# Interfaith Environmentalism



## Finnegan (Sep 7, 2007)

Hey, what's that on the horizon?

There's been an environmental dialogue in the faith community for a couple decades now. There have been several points of sometimes heated debate in that religious dialogue. Frankly, I'm very surprised that at least a handful of denominations were recently able to arrive at a consensus. Good, bad or ugly&#8230;I don't know. But I'll bet there's more to come.

http://www.sltrib.com/outdoors/ci_12193665

http://www.suwa.org/site/DocServer/Fait ... docID=7201


----------



## sawsman (Sep 13, 2007)

I personally think this is good. Instead of more division, it's nice to see people of different religious beliefs or otherwise, come together and unite for a purpose of something important which can be passed on to the next generation.

Of course there needs to be balance. How does this group of different denominations define environmental protection? I'm a big supporter of "wilderness" and am also a supporter of harvesting, if that is the right word, natural resources that we all need(mining, drilling, ect.).

That second link has some great quotes that explain exactly how I feel about wilderness and the great outdoors. I thank God that He has given us such places... in order to experience more of Him through them!

Thanks for posting Finn.


----------



## JTW (Feb 19, 2009)

It is uplifting to see faith groups take up this cause. I am not religious, nor am I what you would call a "environmentalist". However, I do feel we need to do a better job of managing our resources; and it seem religious people who care about the environment have been drowned out by the political machinery of the christian right.

I hope more people of faith will come around to the idea that we can't treat this planet like a fire sale just because "The End" might be near. If one believes in God (no matter what religion) they should view this planet as a gift, not something to be used up while waiting for something better.

Thanks for posting this. As an outsider looking in, you don't hear this type of message coming out of the religious community a lot.


----------



## proutdoors (Sep 24, 2007)

I question the wisdom of it, anything that has SUWA involved is iffy at best IMHO.


----------



## JTW (Feb 19, 2009)

Pro-
What is the SUWA, and what do you have against the group?

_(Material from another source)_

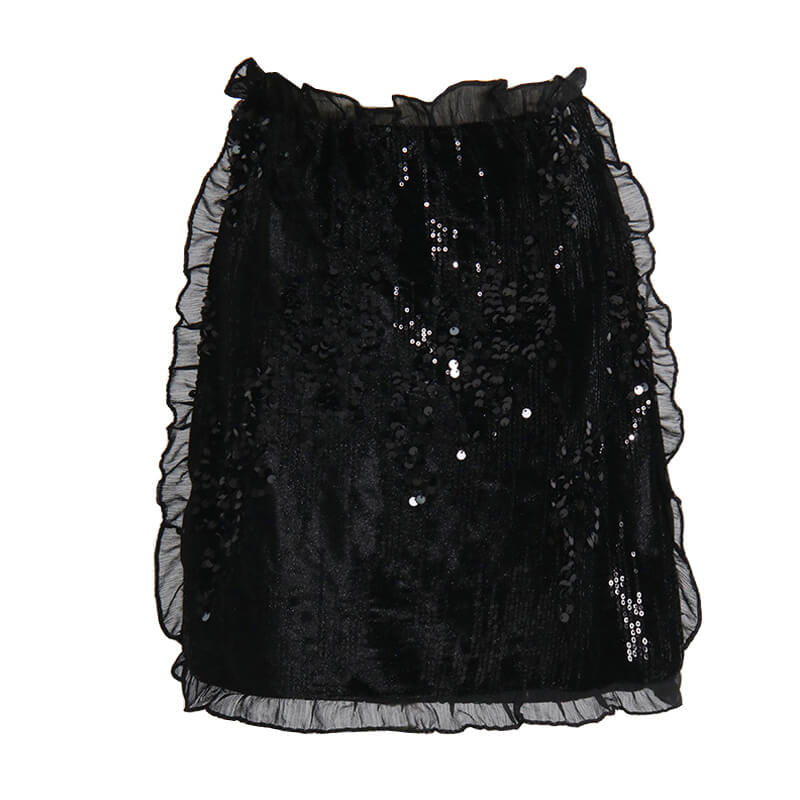 Cuanto más brillante, mejor. El adorno de lentejuelas por toda la prenda añade interés visual y un efecto favorecedor. Esta falda de diseñador está meticulosamente confeccionada con delicados volantes que le dan un toque de estilo a tu look. Se cierra con una cremallera para mayor seguridad. Su corte en capas deja el mini dobladillo al descubierto. Ligera y súper favorecedora, esta falda única es ideal para el trabajo o cualquier ocasión. Combínala con una blusa blanca y tacones.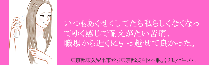東京都久留米市から東京都渋谷区へ転居 23才Y生さん

Anyone else- What do you think of this group, and what role do you feel faith based groups should play in conservation (if any)?


----------



## Huge29 (Sep 17, 2007)

JTW said:


> Pro-
> What is the SUWA, and what do you have against the group?
> 
> Anyone else- What do you think of this group, and what role do you feel faith based groups should play in conservation (if any)?


In short, they are somewhat of a microcosm of the Sierra Club. They want all land locked up without any motor vehicle access and want all federal land declared wilderness area, again just the short version of their mission. 
As to your last question...dunno.


----------



## JTW (Feb 19, 2009)

Thanks for the reply Huge. 

I was just looking at their website. It sounds like they want to protect as much land as possible without thinking about usage. I can understand why they take this approach. Kinda like "Grab what you can because you can't grab it all". This type of strategy does not lend itself to making friends.

I feel there are places where motor vehicles shouldn't be allowed. I also believe in shared access. When it comes down to it, a comprehensive access plan that creates and defines usage corridors is the only way to solve an issue like this. A plan like this doesn't come about through a single party. Maybe its time we urge whatever group we belong to, to talk with organizations like the SUWA in the hopes of working out a balanced access policy. Our wilderness belongs to all Americans, and I believe that with smart policies in place, there is enough for all of us to enjoy.

Now not to hijack the thread... As a person that doesn't belong to a church, or follow any faith, I was happy to see faith groups taking their position as stewards seriously.


----------



## jahan (Sep 7, 2007)

SUWA is equal to or less than Pond Scum


----------